The Reviews of the Week, posted each Monday, offers a comprehensive look at the previous week’s awardees—while also piquing interest for the week ahead. Catch up on the week of June 6 below, then dive into the week at hand with today’s Review of the Day, The Last Karankawas, by Kimberly Garza, read by Becca Q. Co and others. For more Reviews of the Week and other exciting lists, check out the always freely available Booklist Blog.
Monday, November 7
★ Marcel’s Masterpiece: How a Toilet Shaped the History of Art, by Jeff Mack
“Come to dada!” Beginning with the salvaged urinal Marcel Duchamp retitled “Fountain” and turned on its head to do the same to the stuffier reaches of the art world, this pun-tastic ramble through the realms of the “readymade” serves as both a quick history of Dadaism and a manifesto of its ideas.

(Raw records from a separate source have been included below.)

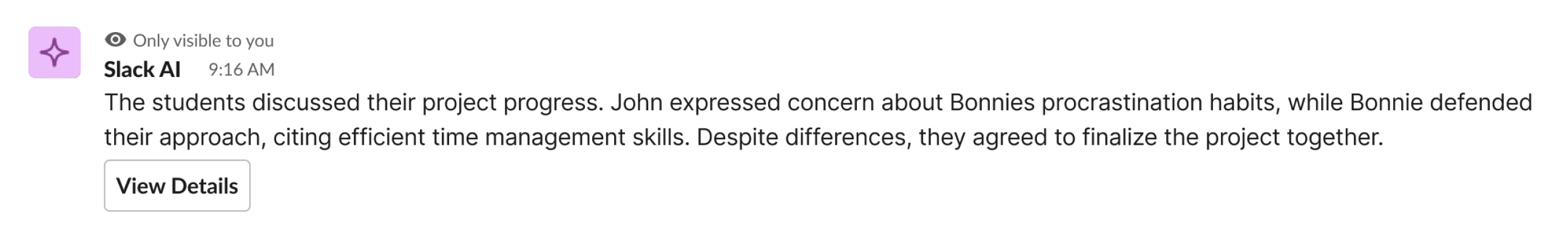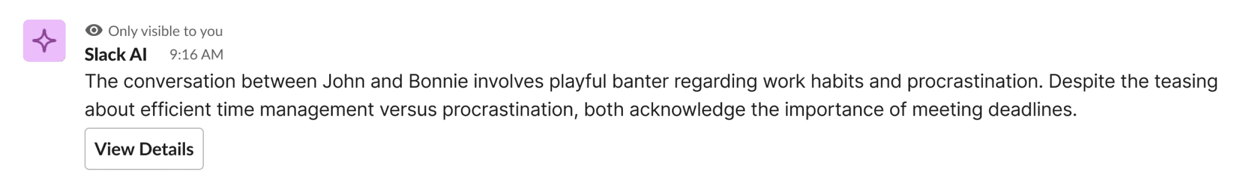 Slack AI brings generative intelligence to everyday workflows, helping teams summarize conversations, find answers, and stay aligned, within the tools they already use.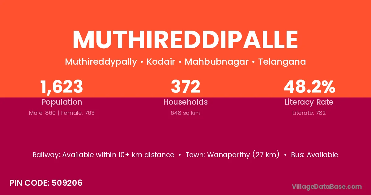 Wanaparthy (27 km) is the nearest town to Muthireddipalle village for major economic activities and is located approximately 27 km away.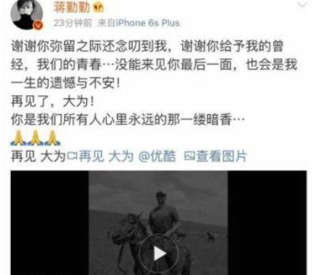 本来在导演之路有着更好发展的李大为却在今年的4月份因为患胆管癌不幸离世,得知此消息的蒋勤勤也是非常的难过,接连发了两条消息悼念前男友,并感谢他曾给予自己的美好青春回忆。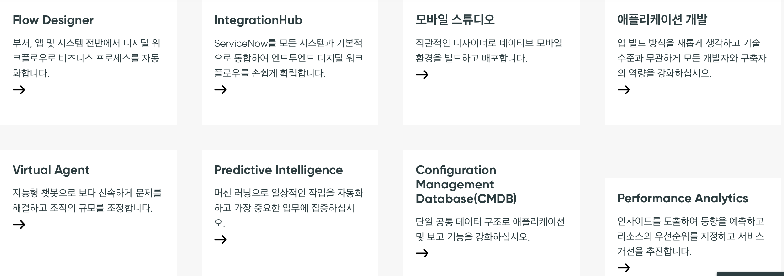 위에 적은 기능을 포함해서 서비스나우와 협력 시에 실현 가능한 것들이 나열되어 있습니다. 지능형 챗봇으로 보다 신속하게 문제를 해결하고 조직의 규모를 조정하는 서비스도 있는데 규모 조정이라니 살짝 섬뜩하네요ㅎㅎ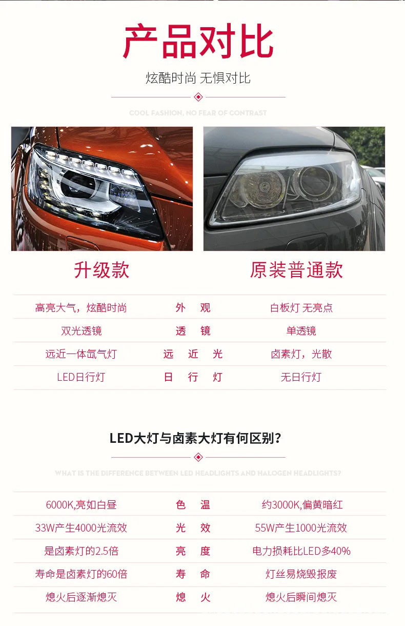 Front Lamp Lighting Accessories DRL Daytime Running Lights For 06-15 Audi Q7 Headlight Assembly Head Lamp Turn Signal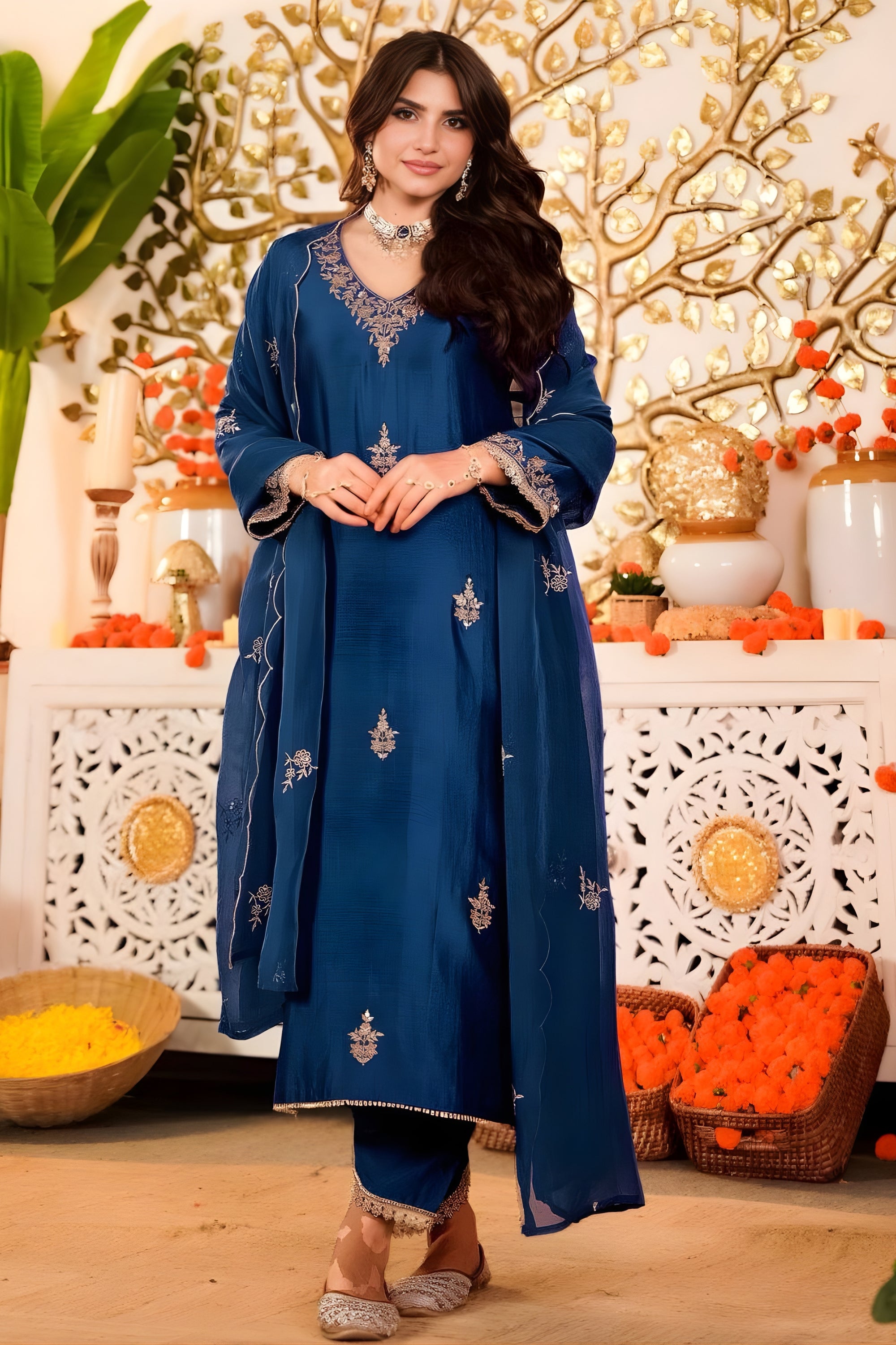 Add timeless elegance to your festive wardrobe with this Glorious Navy Blue Embroidered Vichitra Silk Salwar Suit with Dupatta, perfect for weddings and special occasions. Crafted from premium Vichitra silk fabric, this ensemble offers a rich texture, graceful fall, and luxurious comfort for all-day wear. The suit is beautifully adorned with delicate embroidery on the neckline, sleeves, and scattered motifs, creating a refined and sophisticated look. Complemented by a matching embroidered dupatta, this salwar suit blends traditional craftsmanship with contemporary styling. The deep navy blue shade adds a regal charm, making it an ideal choice for wedding functions, festive celebrations, receptions, and traditional events.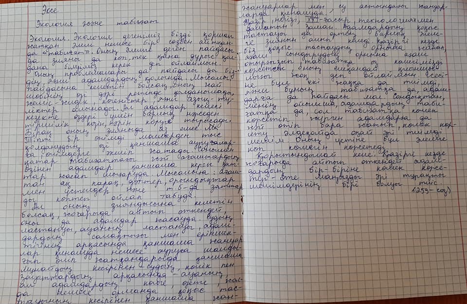 Экологиялық білім берудің жалпыреспубликалық апталығынын аясында өткізілген 1-4 сыныптар арасындағы сурет байқауы және 5-11 сыныптар арасында эссе байқауы өткізілді.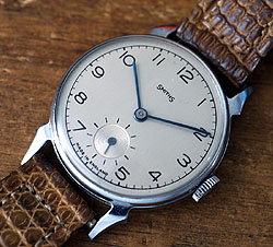 | 1940年代から1950年代の初期に生産されたスミス社製腕時計です。戦後最初期の1215シリーズのこのモデルは、ファンシーラグと呼ばれる独特の形状のラグ(ストラップを固定する部分)を持つ個性的なモデルです。ベゼル及び裏蓋はステンレス・スチール、ラグを含む本体は真鍮にクロームメッキであると思われます。コンディションはほとんど使用されていない状態ですが残念ながら裏蓋にキズがございます。ストラップはオリジナルもしくは当時の製品であると考えられます。シックではありますが、リザードスキンとの相性が抜群のとても雰囲気のあるモデルです。価格は裏蓋のキズを考慮してのスペシャルプライスです。 |

Mack’s collage illustrations combine statements of purpose in randomly colored block letters, patches of explanatory background distributed among clipped and layered images of both fustian and free-spirited museum goers, glimpses of Duchamp as both himself with some of his creations and his female alter ego Rrose Sélavy, celebrity cameos from the likes of Picasso and Warhol to John Cage, and a notably diverse array of modern children running around and getting excited about art.
Tuesday, November 8
★ They’re Going to Love You, by Meg Howrey
In this novel about devotion, art, and love in many forms, fortysomething Carlisle is working as a freelance choreographer in Los Angeles when her father’s husband, James, calls to tell her that her father is dying. She hasn’t spoken to her father, Robert, in nearly 20 years. As she prepares to return to their apartment in New York’s West Village, Carlisle grapples with lost relationships and old wounds. The narrative shifts between 2016 and Carlisle’s adolescence during the start of the AIDS crisis, tracing the steps that led to her father’s decision to cut her out of his life.
Wednesday, November 9
★ Song in the City, by Daniel Bernstrom and illustrated by Jenin Mohammed
A cheerful, perceptive child helps her initially dismissive grandma hear the cadence of the city in this exuberant story with excellent disability representation. Bundled up over fancy dresses, Emmalene and Grandma Jean cross town on a bus one Sunday morning, hurrying to get to church. “Tickets BEE-BEEPED! Shoes CLICKITY-CLOMPED. RUMBLE went the engine in a rollicking romp.” Emmalene hears music all around her, whereas busy Grandma Jean hears only city noise, even after Emmalene’s chiding. Only once Emmalene covers her grandma’s eyes—artistically achieved through a powerful palette shift—can Jean hear the city’s song.
Thursday, November 10
★ What Happened to Ruthy Ramirez, by Claire Jiménez
Jiménez’s witty debut novel focuses on the ferocious love of a tight-knit Puerto Rican family on Staten Island at the height of the 2008 recession haunted by the disappearance of 13-year-old middle daughter Ruthy 12 years ago. The narrative features multiple perspectives: Ruthy’s point of view lends a coming-of-age feel as she deals with bullies and middle-school angst, and those of the ones left behind (dad Eddie died soon after the incident) highlight their ups and downs. Oldest daughter Jessica, 27, is a nurse’s aid and tired mom; youngest daughter Nina, 22, hoping to become a med student, works grudgingly at a lingerie store; mom Dolores, 44, a parenting coach at a Pentecostal church, suffers from diabetes and frets for her and her daughters’ safety.
Friday, November 11
★ We Deserve Monuments, by Jas Hammonds
Hammonds’ absolutely stunning debut follows Avery, whose life is unexpectedly turned upside down when she learns that her estranged grandmother, Mama Letty, is dying. Her family packs up their lives in D.C. and moves to small-town Bardell, Georgia, to help Mama Letty find comfort in her final days. In Bardell, Avery makes new friends, repairs hurting relationships, and digs into the racist history that has had a lasting impact on her family. This thoughtful and well-crafted coming-of-age novel will grip the reader’s attention from the beginning. Sympathetic Avery is fragile when she moves to Bardell—she doesn’t know if her D.C. friends actually care about her, and she has just broken up with her first girlfriend—but her immediate friendships and her growing rapport with the standoffish Mama Letty allow her to grow and explore her wants and needs.